How Smart People Get Scammed: Psychology and Manipulation

Dr. Martina Dove uses a real-life romance scam story to explain the psychological strategies scammers use to manipulate their targets.

Episode 56: In a follow-up to our interview with Kirsty Guest, Dr. Dove exposes the manipulation techniques Kristy’s scammer used against her: credibility-building, intermittent reinforcement, manufactured crises, isolation, and self-blame.

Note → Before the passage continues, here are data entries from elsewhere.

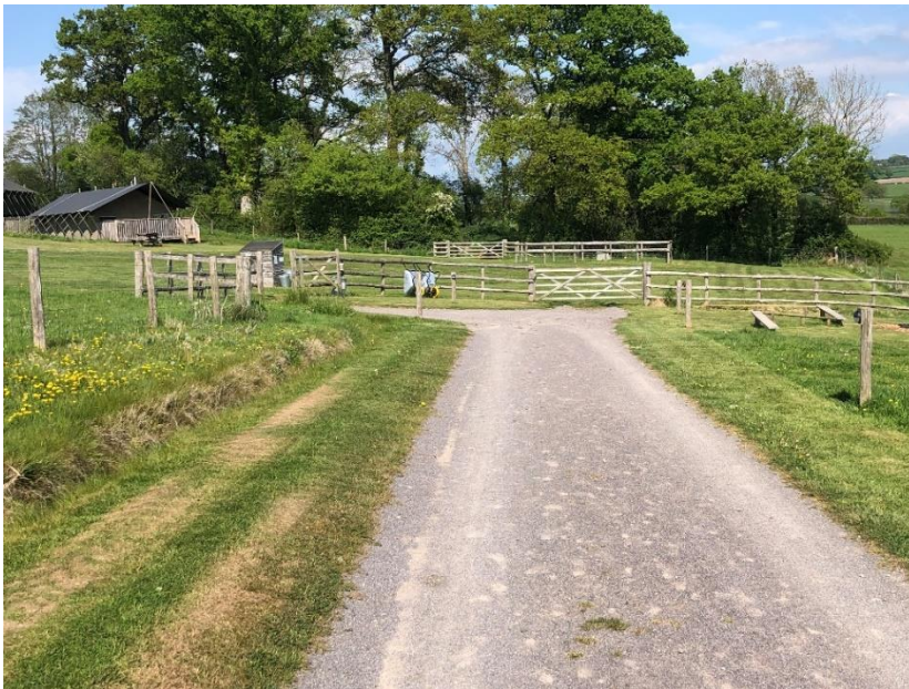
Access to Beer lodge via track for cars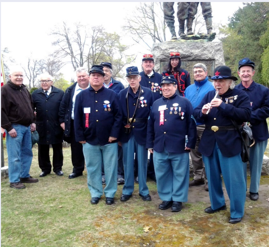
Delegates standing at the GAR memorial in Mt. Hope Cemetery following the 131st N.Y. Department Encampment in Rochester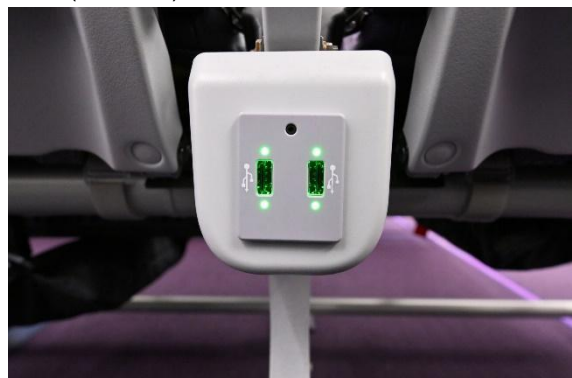
USB port for charging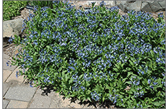
Blue Ice Star Flower in bloom

This plant does best in full sun to partial shade. It prefers to grow in average to moist conditions, and shouldn't be allowed to dry out. It is not particular as to soil type or pH. It is quite intolerant of urban pollution, therefore inner city or urban streetside plantings are best avoided. This is a selection of a native North American species. It can be propagated by cuttings; however, as a cultivated variety, be aware that it may be subject to certain restrictions or prohibitions on propagation.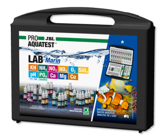
JBL PROAQUATEST LAB Marin

Test case for water analysis in plant aquariums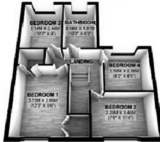
FIRST FLOOR APPROX. 51.5 SQ. METRES (548.9 SQ. FEET)

TOTAL AREA: APPROX. 128.2 SQ. METRES (1379.5 SQ. FEET)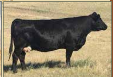
Maternal Sister: Boundary Storm 42B

BPG1200977 BOUN 16E POLLED JAN. 08, 2017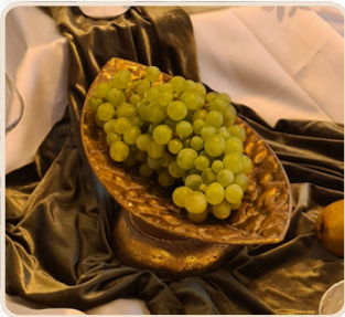
Gold trays for food

Being scammed isn’t about a victim’s intelligence; it’s about how effectively the scammer is using psychology to manipulate them. Together, Erin, Dr. Dove, and Kirsty explore how rational thinking becomes impossible under sustained anxiety, what family members can do to support victims, and why empathy is what ultimately helps victims break free and begin to heal.

5 Ways Scammers Manipulate their Victims

1. Scammers operate from a deliberate, staged playbook. Dr. Dove breaks the manipulation into clear phases. She uses Kirsty’s experience to show how her scammer first built trust, then shifted toward control through flattery, guilt, and shame. Each stage prepares the victim for the next, with credibility cues — like a convincing but fake bank account — designed to override any warning signs before they appear.

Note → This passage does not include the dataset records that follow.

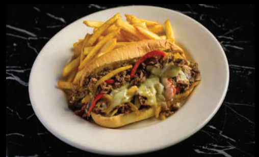
Philly Steak Sandwich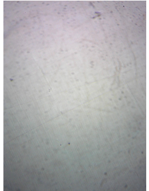
X100 nonmetallic inclusion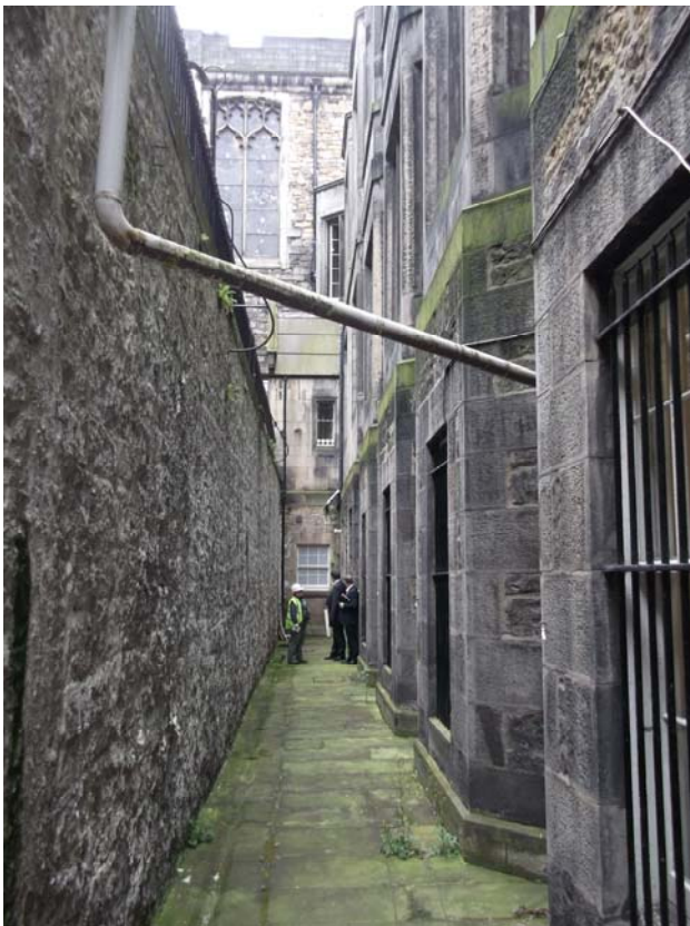
Plate 4 East facing view along the basement court within which Test Pit 2 was excavated showing the Advocates Library (right), the courtyard's revetment wall (left) and Parliament Hall (background)

2. Anxiety and relief create a powerful behavioral loop. Withdrawal periods when the scammer temporarily breaks off communication trigger genuine anxiety and self-blame, while the scammer’s return produces intense relief. This cycle mirrors known persuasion techniques, which condition victims to crave the relationship’s highs while tolerating its lows.

The techniques I’m seeing now are so much more manipulative, so much more harmful.— Dr. Martina Dove

3. Past trauma becomes a tool for control.Kirsty’s 16 years in a coercive marriage meant the scammer's abusive patterns — silence, blame, criticism — felt familiar rather than alarming. He used the information she shared about her history against her to accelerate the manipulation.

4. Isolation happens subliminally, not through direct demands. Rather than explicitly telling Kirsty to cut off her family, the scammer created a bubble where “it's just between us,” making outside relationships feel irrelevant. The isolation deepened her dependence and reinforced the relationship’s perceived importance.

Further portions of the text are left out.